4. The method according to claim 1, wherein the analyzing the full-scale target service model matched with the full-scale target serial number corresponding to the target service class to obtain bottleneck information of the target platform under the target service class includes:

according to the target analysis tool, the full-volume target service models are simulated and operated, and target library and target transition corresponding to each full-volume target service model are obtained;

and analyzing and processing target library and target transition corresponding to each full target service model according to the target analysis tool to obtain bottleneck information of the target platform under the target service class.

5. The method of claim 1, further comprising, prior to said determining a target optimization scheme for the target platform under the target traffic class based on the bottleneck node and bottleneck path:

and generating a basic optimization scheme corresponding to each business category according to the total business category and the historical optimization strategy corresponding to the target platform, and storing the basic optimization scheme into a preset database.

6. The method according to claim 5, wherein determining a target optimization scheme of the target platform under the target traffic class according to the bottleneck node and the bottleneck path comprises:

and acquiring a matched basic optimization scheme in a preset database according to the bottleneck nodes and the bottleneck paths, and taking the basic optimization scheme as a target optimization scheme of the target platform under the target service class.

7. The method of claim 1, further comprising, after said determining a target optimization scheme for the target platform under the target traffic class based on the bottleneck node and the bottleneck path:

and carrying out optimization and improvement treatment on the target platform according to the target optimization scheme.

8. The method of claim 5, wherein if the target platform is a run-to-run service platform, the determining a target optimization scheme of the target platform under the target service class according to the bottleneck node and the bottleneck path comprises:

and checking the overtime condition of the bottleneck node under the target service class according to the consistency, and acquiring a matched basic optimization scheme in a preset database according to the overtime condition to serve as a target optimization scheme of the target platform under the target service class.

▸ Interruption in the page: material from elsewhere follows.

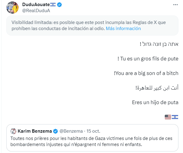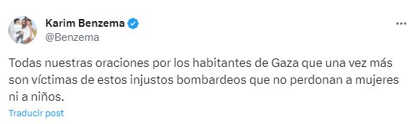 Un mensaje de Karim Benzema haciendo parte del apoyo al pueblo palestino y la solidaridad con la que el atacante francés desea mediante la fe la resolución del conflicto para los habitantes de gaza ha despertado todo tipo de reacciones, entre ellas las de un exfutbolista israelí a quien Benzema enfrento en LaLiga cuando él vestía la camiseta del Real Madrid causando el repudio de muchos fans en todo el mundo.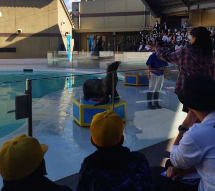 宮島水族館でアシカショーを見ました。アシカの動きに驚きの連続でした。

9. The device for generating the business process optimization scheme is characterized by comprising the following steps:

the log preprocessing module is used for acquiring a full call chain log corresponding to the target platform, preprocessing the full call chain log according to the target service class, and obtaining a basic call chain log;

the model construction module is used for determining a target call chain log in the basic call chain according to the target serial number and constructing a target service model according to the target call chain log;

the model analysis module is used for analyzing and processing a full target service model matched with the full target serial number corresponding to the target service class to obtain bottleneck information of the target platform under the target service class; the bottleneck information comprises bottleneck nodes and bottleneck paths;

and the scheme determining module is used for determining a target optimization scheme of the target platform under the target service class according to the bottleneck node and the bottleneck path.

10. An electronic device, the electronic device comprising:

at least one processor; and

a memory communicatively coupled to the at least one processor; wherein,,

the memory stores a computer program executable by the at least one processor to enable the at least one processor to perform the method of generating a business process optimization scheme of any one of claims 1-8.

11. A computer readable storage medium storing computer instructions for causing a processor to execute a method of generating a business process optimization scheme according to any one of claims 1-8.